Required work: Print every line of the material below exactly as it stands, but omit the pictures.

= = =

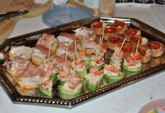 Mamma ställde sej och gjorde såna där små små ”smörgåsar” med en tandpetare nedstucken i. Massor av såna! Av olika sorter. Det var ju superjättesnällt av henne, men jag förstod inte hur jag skulle kunna bjuda på det. Det var ju pinsamt.
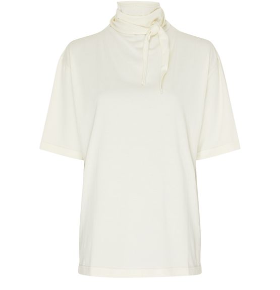 Lemaire's T-shirt with foulard showcases a short-sleeved silhouette and a high-neck design, blending sophistication with casual ease. Crafted from soft fabric, it drapes effortlessly, making it a versatile choice for any occasion. The unique foulard detail adds a touch of elegance, elevating your everyday style with effortless charm.
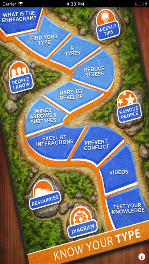 FIND YOUR TYPE: In this interactive game, discover which of the 9 Enneagram types best describes you. In addition, read a clear, concise overview of the 9 types, and store information about your friends’ types for future reference.
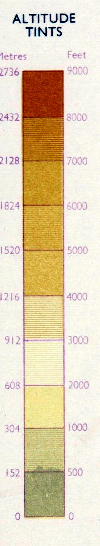 In this case, in order to avoid the confusion as to what color represents which elevation and to avoid misinterpretation of the relief, a layer tint box is usually printed on the map margin to indicate the elevation range represented by each color used on the map.
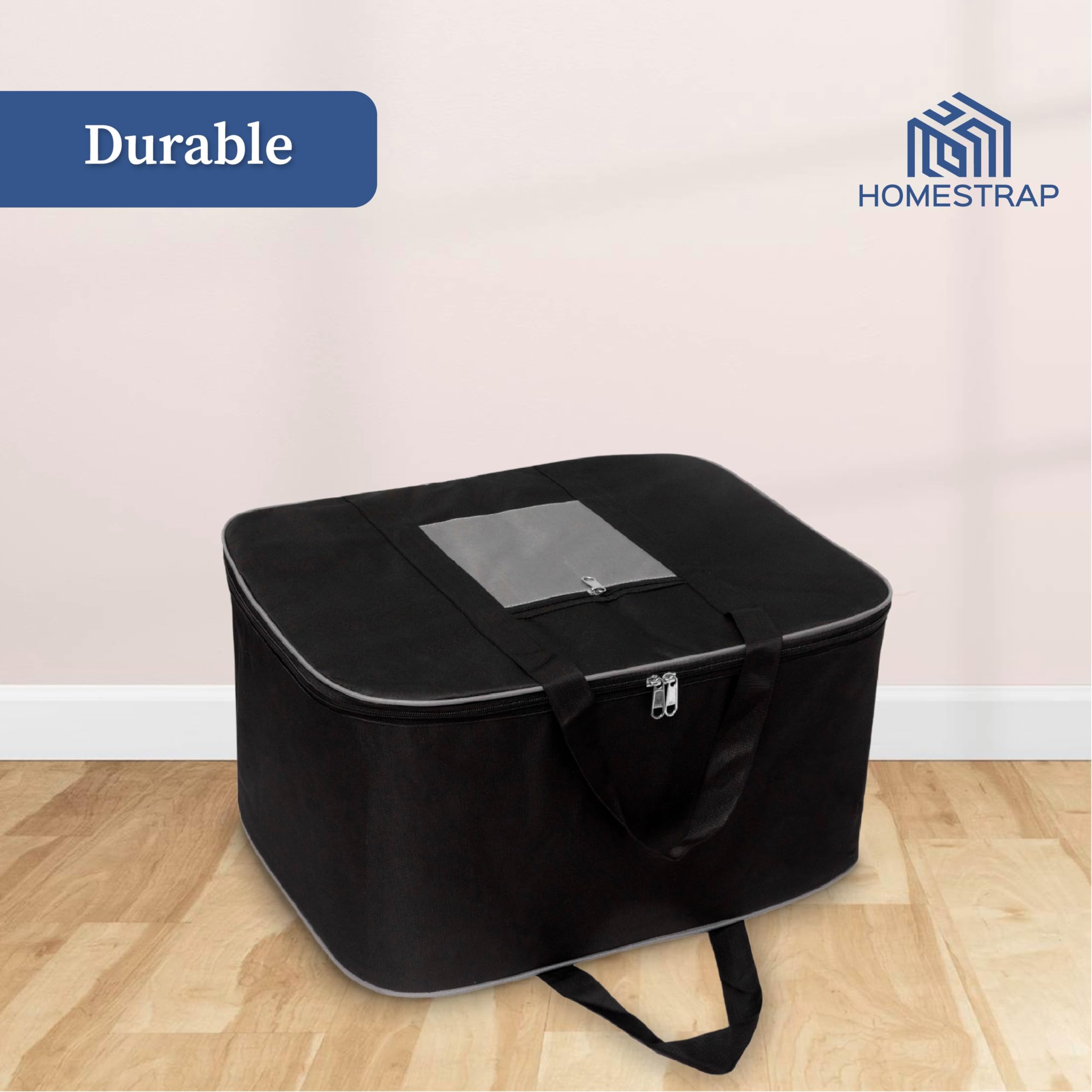 HomeKitchenContainersProduce Storage BagsHomestrap Nylon Large Underbed Storage Bag/Cover/Organizer for Clothes Blanket Quilt Shoes and Books with Handle and Zip Closure- (Capacity - 70 Litres | Black & Grey) (Pack of 2)
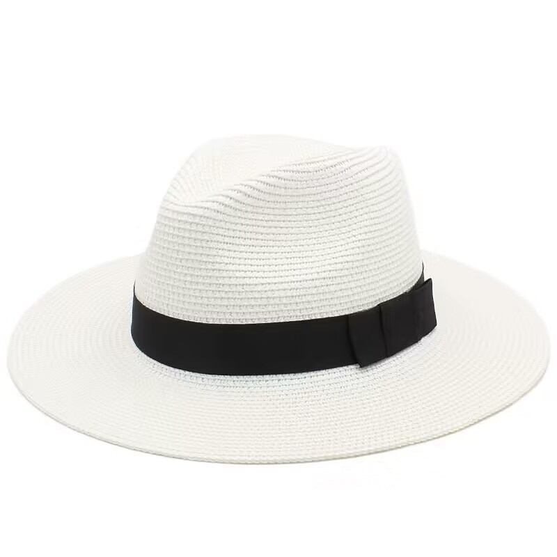 • Unisex Summer Sun Hat, Panama Straw Wide Brim UV Protection Hat, Be...
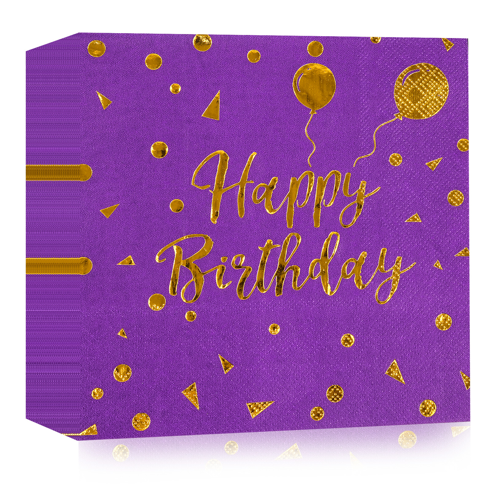 40Pc Purple Birthday napkin, 6.5*6.5 Inch, in Vibrant Purple With Festive Birthday Patterns. These Disposable napkin Are Perfect For Adding A Pop Of Color And Joy To Any Birthday Celebration.
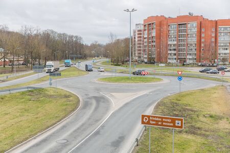 City Riga, Latvia. Cars move on the road. Roundabout in front.25.02.2020
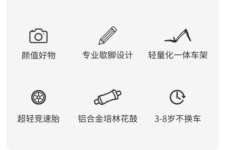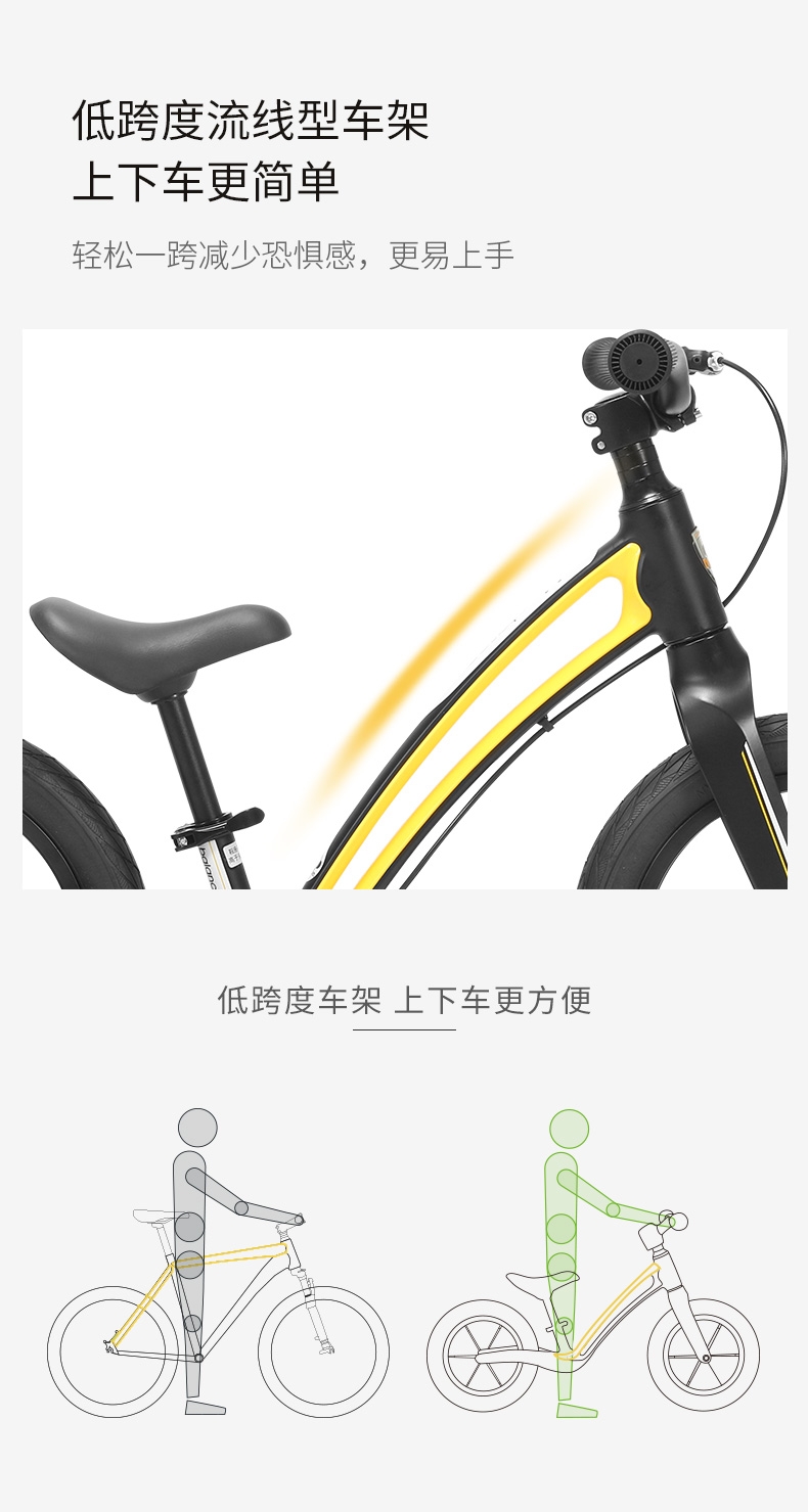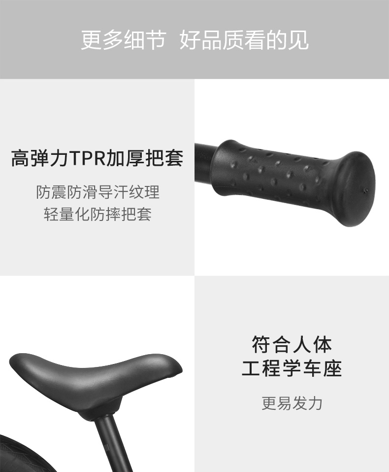 超轻竞速胎/铝合金培林花鼓/镁合金一体车架;低跨度流线型车架,上下车更简单;低跨度30度 歇脚板设计 磨砂脚踏 安全防滑

= = =

Exercise answer:
 Mamma ställde sej och gjorde såna där små små ”smörgåsar” med en tandpetare nedstucken i. Massor av såna! Av olika sorter. Det var ju superjättesnällt av henne, men jag förstod inte hur jag skulle kunna bjuda på det. Det var ju pinsamt.
 Lemaire's T-shirt with foulard showcases a short-sleeved silhouette and a high-neck design, blending sophistication with casual ease. Crafted from soft fabric, it drapes effortlessly, making it a versatile choice for any occasion. The unique foulard detail adds a touch of elegance, elevating your everyday style with effortless charm.
 FIND YOUR TYPE: In this interactive game, discover which of the 9 Enneagram types best describes you. In addition, read a clear, concise overview of the 9 types, and store information about your friends’ types for future reference.
 In this case, in order to avoid the confusion as to what color represents which elevation and to avoid misinterpretation of the relief, a layer tint box is usually printed on the map margin to indicate the elevation range represented by each color used on the map.
 HomeKitchenContainersProduce Storage BagsHomestrap Nylon Large Underbed Storage Bag/Cover/Organizer for Clothes Blanket Quilt Shoes and Books with Handle and Zip Closure- (Capacity - 70 Litres | Black & Grey) (Pack of 2)
 • Unisex Summer Sun Hat, Panama Straw Wide Brim UV Protection Hat, Be...
 40Pc Purple Birthday napkin, 6.5*6.5 Inch, in Vibrant Purple With Festive Birthday Patterns. These Disposable napkin Are Perfect For Adding A Pop Of Color And Joy To Any Birthday Celebration.
 City Riga, Latvia. Cars move on the road. Roundabout in front.25.02.2020
 超轻竞速胎/铝合金培林花鼓/镁合金一体车架;低跨度流线型车架,上下车更简单;低跨度30度 歇脚板设计 磨砂脚踏 安全防滑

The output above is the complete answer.